:: DESCRIPTION OF THE TASK ::
Your reply should reproduce all the data below exactly while excluding the pictures.

:: DATA ::
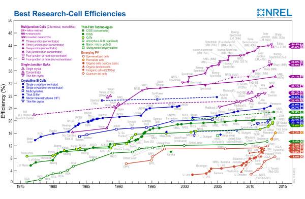 现在太阳能电池最大效率?各色OLED的最新外量子效率?
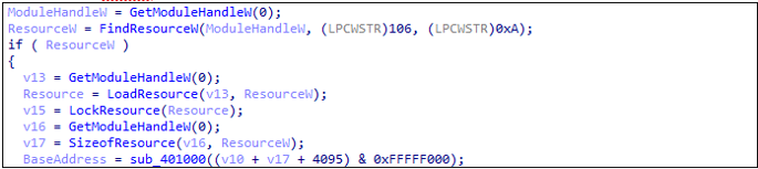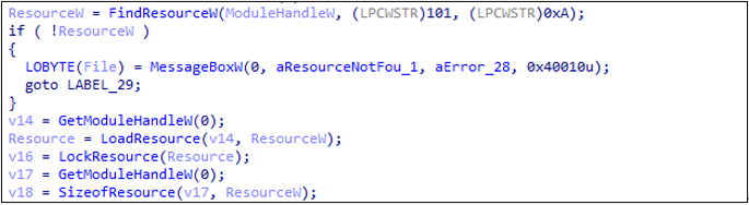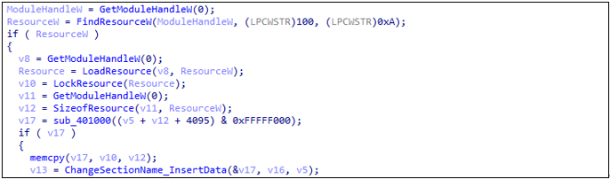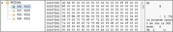 먼저, builder.exe 파일 내부에 존재하는 ID=100인 리소스를 메모리에 로드 한다.
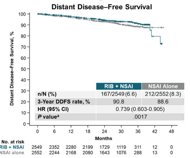 Dennis J.Slamon教授:NATALEE研究评估了内分泌治疗联合三种已获批的CDK 4/6抑制剂之一的瑞波西利(ribociclib)在早期乳腺癌患者治疗中的疗效,以观察瑞波西利联合内分泌治疗是否可以减少疾病复发并改善生存率。研究结果表明,与单独使用内分泌治疗相比,瑞波西利联合内分泌治疗可使患者的3年无浸润性疾病生存(iDFS)事件风险降低25.2%(HR=0.748;95%CI:0.618~0.906;P=0.0014);3年无远处疾病生存(DDFS)事件风险降低26%(HR=0.739;95%CI:0.603~0.905;P=0.0017)。其对总生存的影响目前还在进行中,数据仍不完备。不过随着患者随访的逐渐进行,数据正在慢慢累积。早期结果来看应用前景还是很不错的。
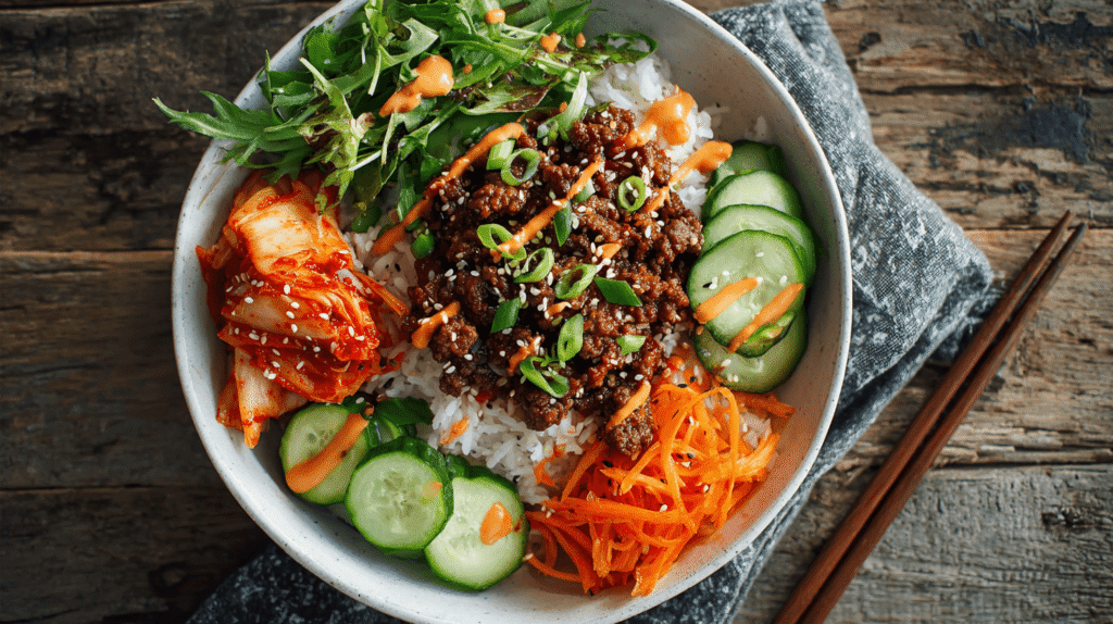 The magic of this Korean Beef Rice Bowl lies in its perfect balance of flavors and textures. The sweet-savory sauce clings beautifully to the ground beef, while the fresh vegetables provide crucial crunch. The kimchi adds tangy, fermented complexity, and the gochujang mayo ties everything together with creamy heat.

:: WORKED SOLUTION ::
 现在太阳能电池最大效率?各色OLED的最新外量子效率?
 먼저, builder.exe 파일 내부에 존재하는 ID=100인 리소스를 메모리에 로드 한다.
 Dennis J.Slamon教授:NATALEE研究评估了内分泌治疗联合三种已获批的CDK 4/6抑制剂之一的瑞波西利(ribociclib)在早期乳腺癌患者治疗中的疗效,以观察瑞波西利联合内分泌治疗是否可以减少疾病复发并改善生存率。研究结果表明,与单独使用内分泌治疗相比,瑞波西利联合内分泌治疗可使患者的3年无浸润性疾病生存(iDFS)事件风险降低25.2%(HR=0.748;95%CI:0.618~0.906;P=0.0014);3年无远处疾病生存(DDFS)事件风险降低26%(HR=0.739;95%CI:0.603~0.905;P=0.0017)。其对总生存的影响目前还在进行中,数据仍不完备。不过随着患者随访的逐渐进行,数据正在慢慢累积。早期结果来看应用前景还是很不错的。
 The magic of this Korean Beef Rice Bowl lies in its perfect balance of flavors and textures. The sweet-savory sauce clings beautifully to the ground beef, while the fresh vegetables provide crucial crunch. The kimchi adds tangy, fermented complexity, and the gochujang mayo ties everything together with creamy heat.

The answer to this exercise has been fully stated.